▸ EXERCISE INSTRUCTIONS
Quote the records that follow in full, leaving the pictures out.

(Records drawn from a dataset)
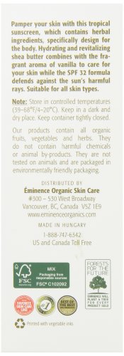 Natural SPF Protection for All Skin Types Skin Type: All skin types Key Ingredients: Shea Butter: calming and moisturizing; it is an excellent emollient for skin and naturally occurring sun screen Zinc Oxide: astringent and anti-inflammatory; aids in healing skin irritations and blocks UV rays Vanilla: calming, soothing; improves circulation Ethylhexyl Methoxycinnamate (also known as Octyl Methoxycinnamate): clear liquid compound that absorbs UVB lightFeature
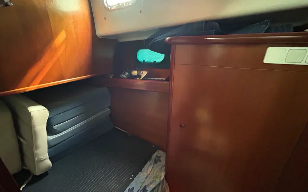 Côté navigation, on retrouve un GPS, radar, pilote automatique, VHF, flaps, sondeur, station météo avec anémomètre, ainsi qu'une table à cartes côté bâbord. L’électronique est d’origine mais fonctionnelle.
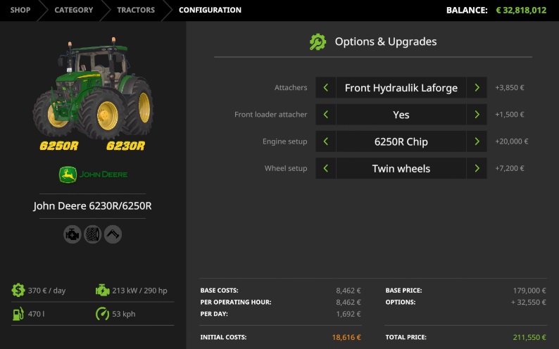 JOHN DEERE 6250R V2.1 for Farming Simulator 17
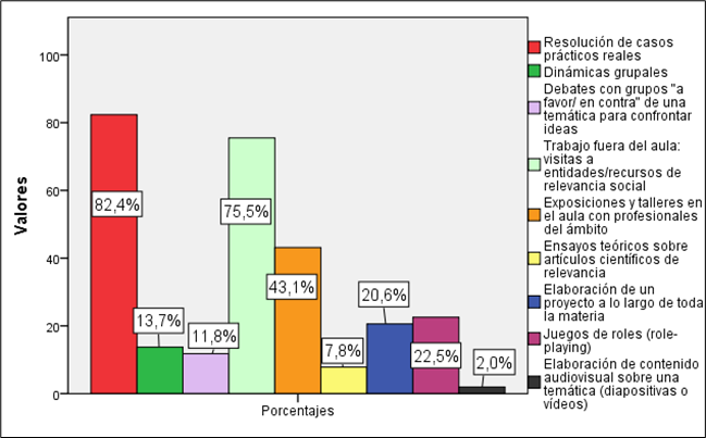 Con un 75,5% también destaca el trabajo fuera del aula a través de visitas a entidades o recursos sociales de suficiente relevancia, a lo que se une el 43,1% de las respuestas que se decantan por las exposiciones y la realización de talleres dentro del aula, pero impartidos por profesionales de diferentes ámbitos de actuación. De esta manera, se prioriza lo que relaciona la teoría con la práctica profesional, es decir, conocer cómo se desarrolla lo que han ido aprendiendo a lo largo de las asignaturas de la mano de profesionales en activo, lo que facilita que todos esos aprendizajes se puedan aterrizar y ver con la perspectiva suficiente como para afirmar que, efectivamente, sí pueden ser útiles para su futuro en la profesión.
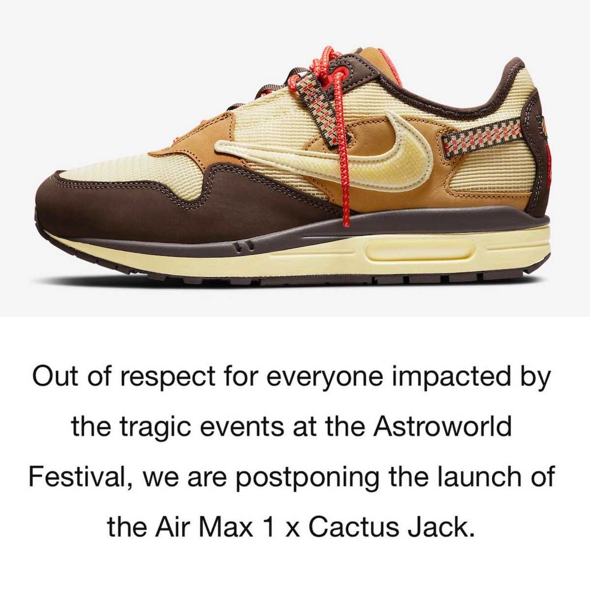 UPDATE 11/15: Nike announces that the release of the Travis Scott x Air Max 1 “Baroque Brown” and “Saturn Gold” have been postponed out of respect for everyone impacted by the tragic events of the Astroworld Festival. A release date will be announced at a later date.
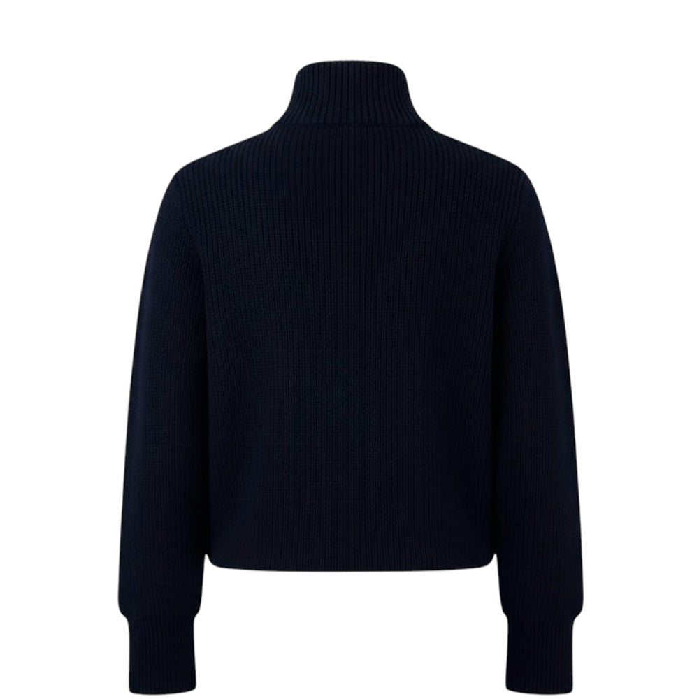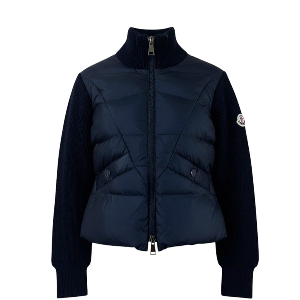 Cardigan realizzato in lana vergine, con imbottitura in piumino. Presenta colletto alto, parte anteriore in nylon trapuntato, chiusura con zip, maniche lunghe, due tasche a filetto sul davanti e orlo dritto. È decorato con patch logo applicata sulla manica.

▸ SOLUTION
 Natural SPF Protection for All Skin Types Skin Type: All skin types Key Ingredients: Shea Butter: calming and moisturizing; it is an excellent emollient for skin and naturally occurring sun screen Zinc Oxide: astringent and anti-inflammatory; aids in healing skin irritations and blocks UV rays Vanilla: calming, soothing; improves circulation Ethylhexyl Methoxycinnamate (also known as Octyl Methoxycinnamate): clear liquid compound that absorbs UVB lightFeature
 Côté navigation, on retrouve un GPS, radar, pilote automatique, VHF, flaps, sondeur, station météo avec anémomètre, ainsi qu'une table à cartes côté bâbord. L’électronique est d’origine mais fonctionnelle.
 JOHN DEERE 6250R V2.1 for Farming Simulator 17
 Con un 75,5% también destaca el trabajo fuera del aula a través de visitas a entidades o recursos sociales de suficiente relevancia, a lo que se une el 43,1% de las respuestas que se decantan por las exposiciones y la realización de talleres dentro del aula, pero impartidos por profesionales de diferentes ámbitos de actuación. De esta manera, se prioriza lo que relaciona la teoría con la práctica profesional, es decir, conocer cómo se desarrolla lo que han ido aprendiendo a lo largo de las asignaturas de la mano de profesionales en activo, lo que facilita que todos esos aprendizajes se puedan aterrizar y ver con la perspectiva suficiente como para afirmar que, efectivamente, sí pueden ser útiles para su futuro en la profesión.
 UPDATE 11/15: Nike announces that the release of the Travis Scott x Air Max 1 “Baroque Brown” and “Saturn Gold” have been postponed out of respect for everyone impacted by the tragic events of the Astroworld Festival. A release date will be announced at a later date.
 Cardigan realizzato in lana vergine, con imbottitura in piumino. Presenta colletto alto, parte anteriore in nylon trapuntato, chiusura con zip, maniche lunghe, due tasche a filetto sul davanti e orlo dritto. È decorato con patch logo applicata sulla manica.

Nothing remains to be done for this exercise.